There is usually a follow-up question: do you want women to be superior to men? Men, in particular, seem terrified at the idea of having to endure what women have had to bear with for centuries – irony is a cruel thing. The feminist response to these questions currently seems to be: feminists want men and women to be equals. Gender equality: a reasonable and simple goal, and one that can hardly be contested publicly (and yet).
But what do we mean exactly by equality? Strictly speaking, gender equality implies that men and women have equal rights and opportunities. This can be understood in a broad way and may include:
- the absence of discriminatory legal measures based on gender,
- equal representation of women and men in political instances and public organisations,
- equal pay at an individual level (same income for the same work),
- equal earnings at a societal level (equal total earnings for women and men),
- equal health outcomes (equal sex ratio at birth, equal life expectancy),
- equal education outcomes (equal literacy rates, equal education levels, etc.).
These objectives are already quite an undertaking, and are valuable things to aim for. The UK, for instance, fails to meet several of these targets, including the first one.
The advantage of picking gender equality as a long-term goal for feminism is that it can be measured fairly easily. Count women. Count men. Count what they earn. How long they live. What roles they have in society. Look at the repartition: is it equal? It is difficult to argue against hard, numerical data.

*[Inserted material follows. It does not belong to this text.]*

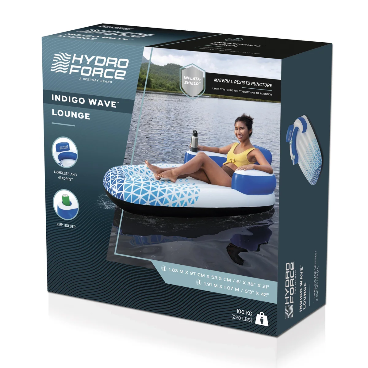 VíceNafukovací lehátko Indigo Wave™ kombinuje stylový design s maximálním pohodlím při relaxaci na vodě. Odolný materiál Inflata-Shield™ zajišťuje dlouhou životnost a vyšší odolnost proti poškození, zároveň nabízí lepší přilnavost. Inovativní povrchová úprava Color Shield™ chrání barvy před vyblednutím. Integrovaná opěrka hlavy a rukou zvyšuje komfort při odpočinku, zatímco držák na nápoje udrží občerstvení vždy po ruce. Nafouknutí i vyfouknutí je rychlé a snadné. Součástí balení je opravná záplata. Určeno pro 1 osobu. Maximální nosnost: 100 kg. Rozměry v nafouknutém stavu: 53,5 x 97 x 183 cm. Rozměry ve vyfouknutém stavu: 107 x 191 cm. Rozměry balení: 30 x 30 x 9 cm. Používejte pouze pod dohledem dospělé osoby a ve vodě, kde dítě dosáhne na dno. Věk: 14+

This type of reasoning is what supports the Global Gender Gap Index, which is produced by the World Economic Forum. The Index is very useful to measure our progress towards gender equality. It compares men and women’s outcomes in 145 countries, over four different dimensions: economic participation and opportunity, political empowerment, educational attainment and health and survival. The wider the gap between men and women’s outcomes, the lower the score (note that the Index focuses on the catching up of women, rather than on an absolute gender gap: country scores are not affected if men are “losing” to women).
What does the Index teach us? Well, the gender gap is almost extinguished for health and education, shrinking for economic participation & opportunity, and still pretty severe for political representation – which is also the less controversial dimension of all: either you have women in your institutions or you do not. This is useful information, and its importance should not be minimized: finding common indicators to compare countries’ performance is a difficult endeavour. A global picture allows countries to identify their weak spots in comparison to others and to follow the best practices of the leaders.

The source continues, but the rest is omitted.